EASA actually broke with regulator standard operating procedure by launching its own review, as tradition dictates that the lead agency – in this case the FAA – should be trusted to carry out a review.

Given the scandal caused by the two crashes and the reported failures in the initial certification process, the EU’s regulator pledged to conduct its own inquest. However, much of the work was still ultimately carried out by the FAA.

Ky told the BBC that the MAX scandal has prompted a rethink on the role a secondary regulator should play and that the extra scrutiny will not be a one-off. “We will perform our own safety assessment, which is going to be much more comprehensive than it used to be.”

But the forthcoming green light has prompted the families of the victims of the second crash, Ethiopian flight 302, to file a complaint with the regulator, accusing EASA of failing to carry out the in-depth inquiry that was promised.

“In your meeting with the ET302 families on 16 September, you told us that the 737 MAX would not be ungrounded in Europe until the two accidents were fully understood,” the comments insist.

“You committed to us that EASA would not rely on the FAA’s findings and would conduct its own in-depth technical investigations into the modified 737 MAX,” they add.
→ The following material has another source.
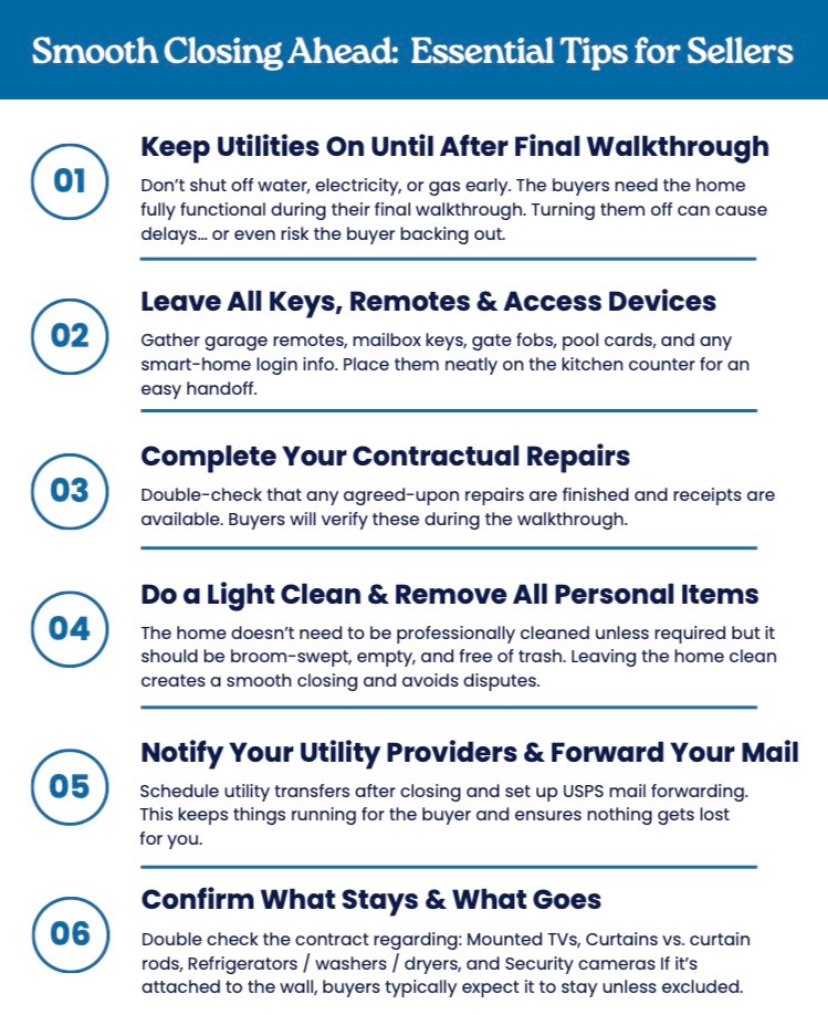 It sounds small, but it can create unnecessary stress right before closing. During the final walk-through, buyers may need to check that the lights work, run the water, test appliances, and confirm the home is in the agreed-upon condition.

The families also complain that the safety report will not be available until after the ungrounding.

“As of today, however, the airplane remains aerodynamically unstable and out of compliance with modern aircraft certification standards,” the comments allege.

Adrian Toole, whose daughter Joanna died in the crash, said: “I was relieved when the 737 MAX was grounded, and everything that we have heard since has only convinced me that the plane should never have been built in the first place.”

The FAA investigation concluded that the on-board software could mistakenly believe that the aircraft was about to stall – a knock-on effect of the larger engines fitted to the MAX – which then prompted it to push the nose of the plane downwards.

Some pilots were able to correct the plane’s mistake but in the case of Ethiopian 302 and Lion Air 610, they were not. The families’ complaint urges EASA to insist that Boeing completely redesign the plane to “meet modern safety standards”.

EASA told EURACTIV that the agency does not comment “at this stage of the process” and that the regulator will review and reply to comments as part of the standard feedback procedure.